[[ Task inputs open ]]
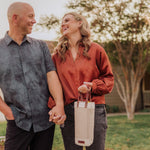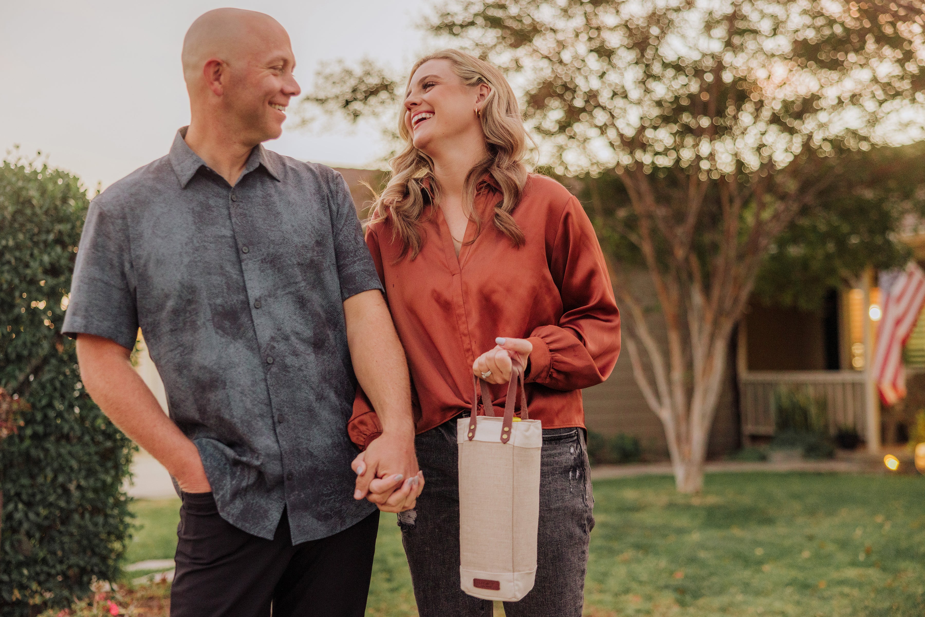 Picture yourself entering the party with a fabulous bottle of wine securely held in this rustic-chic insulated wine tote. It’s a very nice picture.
[[ Task inputs closed ]]
[[ Task inputs open ]]
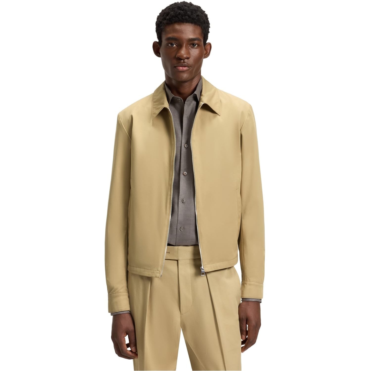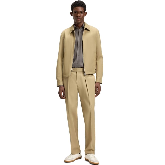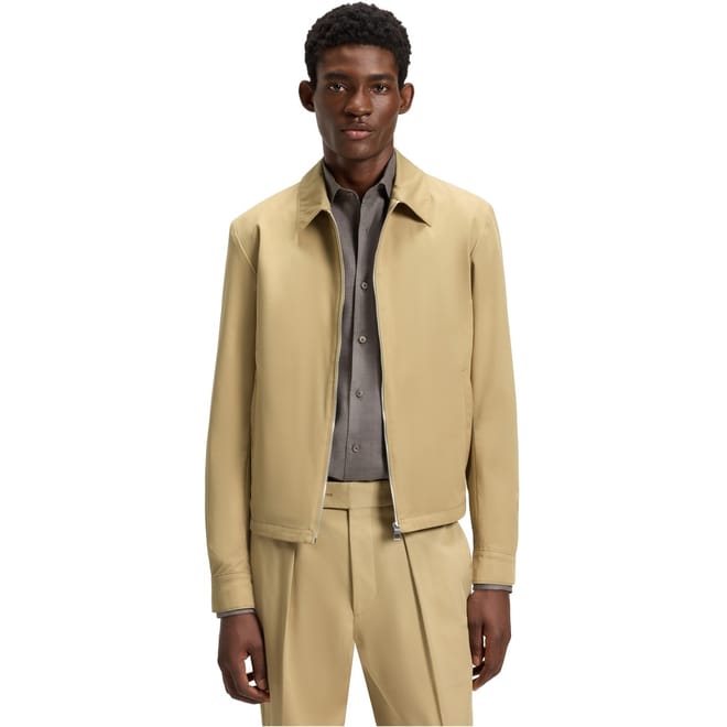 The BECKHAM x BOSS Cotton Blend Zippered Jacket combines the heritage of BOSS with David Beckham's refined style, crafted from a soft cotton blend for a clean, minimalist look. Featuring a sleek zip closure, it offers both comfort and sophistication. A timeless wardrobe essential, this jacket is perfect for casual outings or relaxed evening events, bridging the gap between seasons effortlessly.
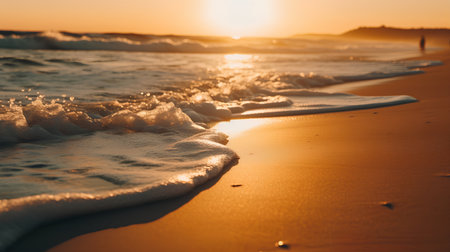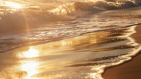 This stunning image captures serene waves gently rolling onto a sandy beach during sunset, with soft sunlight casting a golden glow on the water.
[[ Task inputs closed ]]
[[ Task inputs open ]]
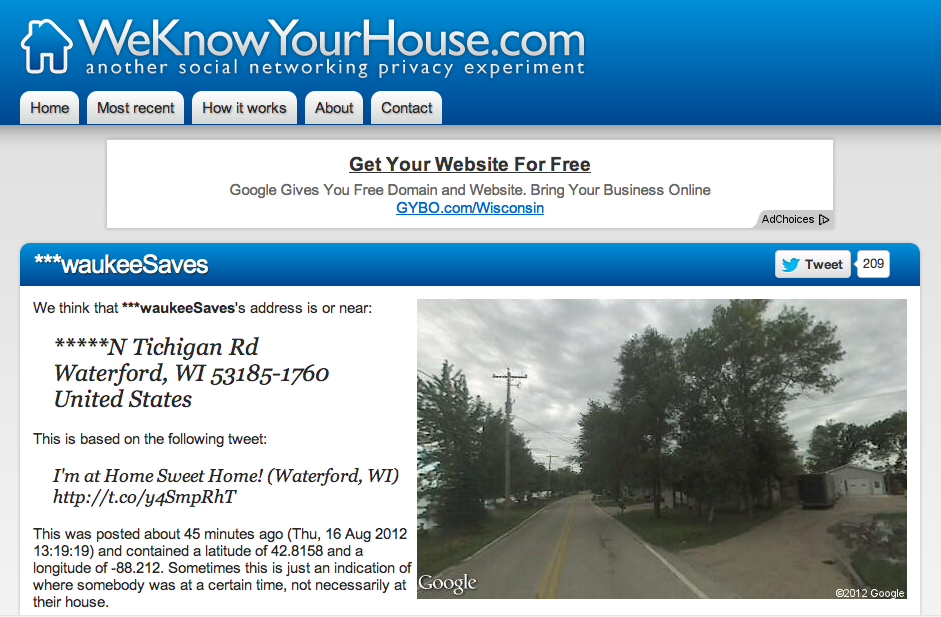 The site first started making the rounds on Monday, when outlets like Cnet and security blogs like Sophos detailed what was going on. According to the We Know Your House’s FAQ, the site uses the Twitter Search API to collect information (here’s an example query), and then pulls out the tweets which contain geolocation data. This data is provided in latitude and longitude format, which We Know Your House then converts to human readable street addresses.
[[ Task inputs closed ]]
▸ Your assignment: Give the lines above again exactly, from the one containing "The BECKHAM x" to the one containing "This stunning image", both included, but leave out the pictures.

▸ Answer for this exercise:
 The BECKHAM x BOSS Cotton Blend Zippered Jacket combines the heritage of BOSS with David Beckham's refined style, crafted from a soft cotton blend for a clean, minimalist look. Featuring a sleek zip closure, it offers both comfort and sophistication. A timeless wardrobe essential, this jacket is perfect for casual outings or relaxed evening events, bridging the gap between seasons effortlessly.
 This stunning image captures serene waves gently rolling onto a sandy beach during sunset, with soft sunlight casting a golden glow on the water.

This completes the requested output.